Linear Color space and Blender questions

I’m confused about how this is handled in Blender. I was wondering if someone could confirm what I’ve read about it.

Blender viewport and render is defaulted to Linear color space, correct? So how does this work behind the scenes because in Maya you had to use gamma correction to all incoming image texture nodes and the color slot of all non mental ray materials.

What I think I read in the Wiki is that Blender handles this behind the scenes, applying the necessary 2.2 gamma when SRGB color space is chosen for the display. Then, at render time, it automatically changes your color texture’s gamma to correct values (should be around .454545) and if it is .exr, .hdr etc. it leaves those textures alone.

Is that how it works? Do I not have to gamma correct anything?

Thanks!

Assuming your textures and output color space are both sRGB, you don’t really need to do anything, linear workflow will “just work”. Textures are automatically reverse-corrected, the color profile setting on the texture influences this. However, you will need to specifically disable this on textures that shouldn’t have it though (like normal or displacement maps).

Color swatches are linear color space, but are shown to you as corrected in the UI panels. (so the swatch appears on your monitor as the gamma corrected version of the color you entered). So you don’t need to bother with the gamma-correct node dance you do in Maya. The viewport and mat previews are also gamma corrected.

tl:dr: the only thing you should need to do manually is disable correction on 8bit normal/displacement maps. Other than that, set up the color management profile and just work.

Thanks for the quick and very nice reply! That’s cool that blender does that. That’s pretty much the problem with Maya as it stands is that it is such a dinosaur it doesn’t do these things on the fly.

When you say that I have to disable correction on normal and displacements, that means you just flip the image texture to “non-color” correct?

Thanks again.

Yep, exactly.

@Ninja
actually it is not true that Blender color swatches are gamma corrected in the viewport. Indeed they aren’t and this is the reason why many people is confused about blender color management.

To prove this you can do a simple test (with display srgb):

1) place a sphere on the scene
2) apply a dark red material rgb: 0.5,0,0 shading: shadeless
3) grab the viewport with any screen grabber (in windows you can use the print key)

now load the grabbed screen in Gimp and pickup the color, you will read rgb: 188,0,0 instead of the expected 128,0,0 value

Indeed it is possible to get gamma corrected colors in Blender, but you have to enter the rgb value in the HEX input field. For example 800000 for the above dark red. This is the only entry that gets gamma corrected in the viewport. The other RGB and HSV entries are not.

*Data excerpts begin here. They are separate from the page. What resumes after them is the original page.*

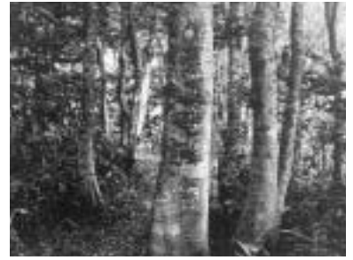
上世屋のブナ林(上世屋側にはまっすぐなブナが多く見られる)

宮津市の上世屋から大宮町の五十河にかけてのブナ林115haが、平成14年3月26日、丹後上世屋内山京都府自然環境保全地域として指定されました。ブナ林は、標高450メートル付近の低い標高から分布が見られるほか、「あがりこ」と呼ばれる巨大なブナの変木が点在しているなど、学術的価値の高い自然で、地域住民の暮らしや営みとかかわりを持ちながら守られてきた、将来の府民に伝えていくべき貴重な財産であり、天然シャクナゲが群生する京北町の片波川源流域に次ぐ二番目の指定となります。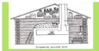
Устройство русской печи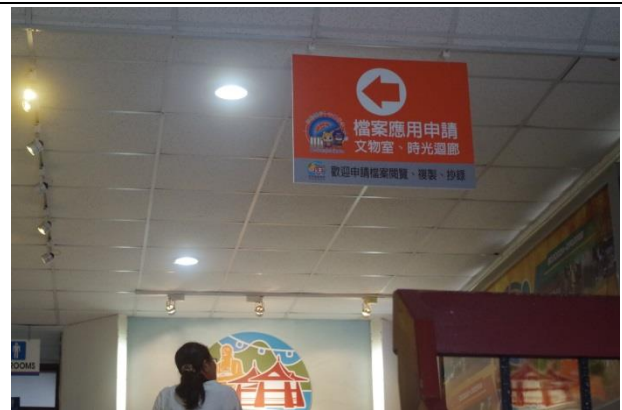
檔案應用服務指標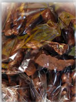
Lazos de chocolate ref: 0910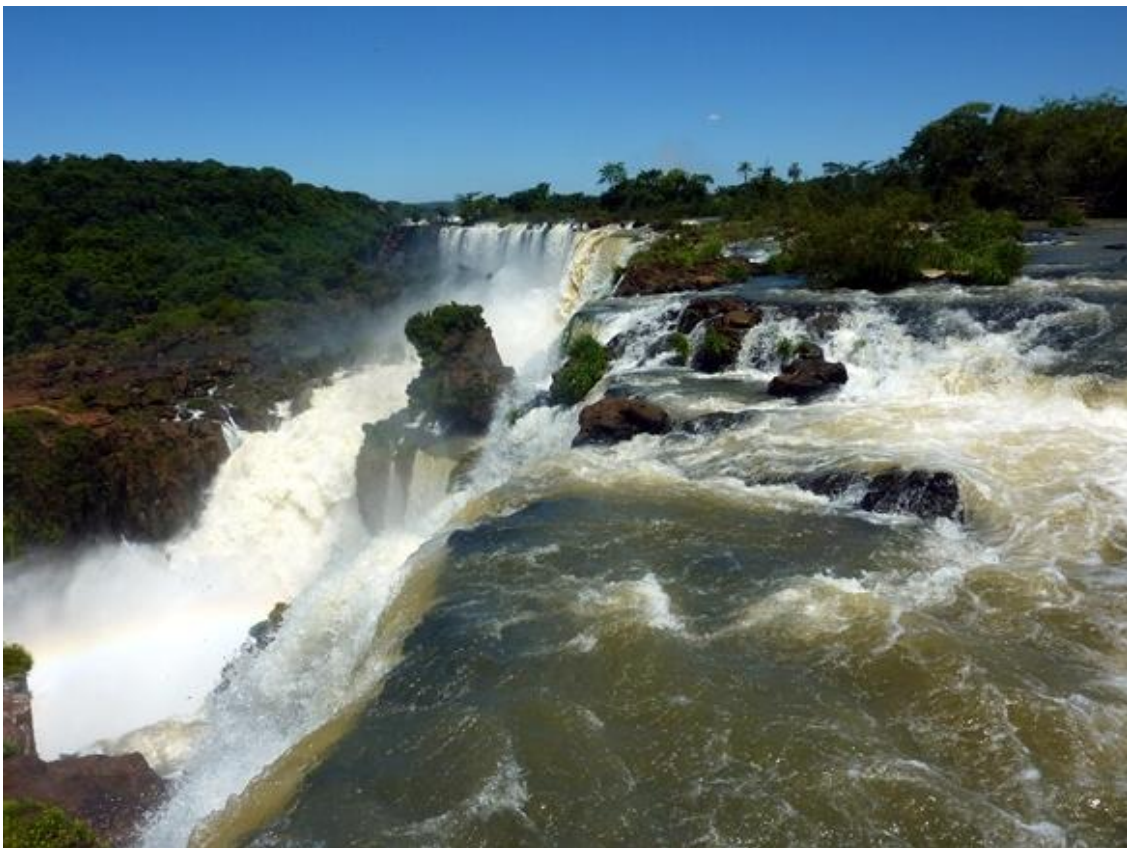
Från vattenfallen i Iguazu.

So in Blender you have the same issue as Maya color swatches, that are not color managed, with the difference that while in Maya this issue is documented, in Blender it is not.

to review:
RGB and HSV colors are linear input and they are not color managed in the viewport
HEX colors are srgb input and they are color managed in the viewport
textures are srgb input and they are color managed in the viewport

any updates for the color management in 2.8?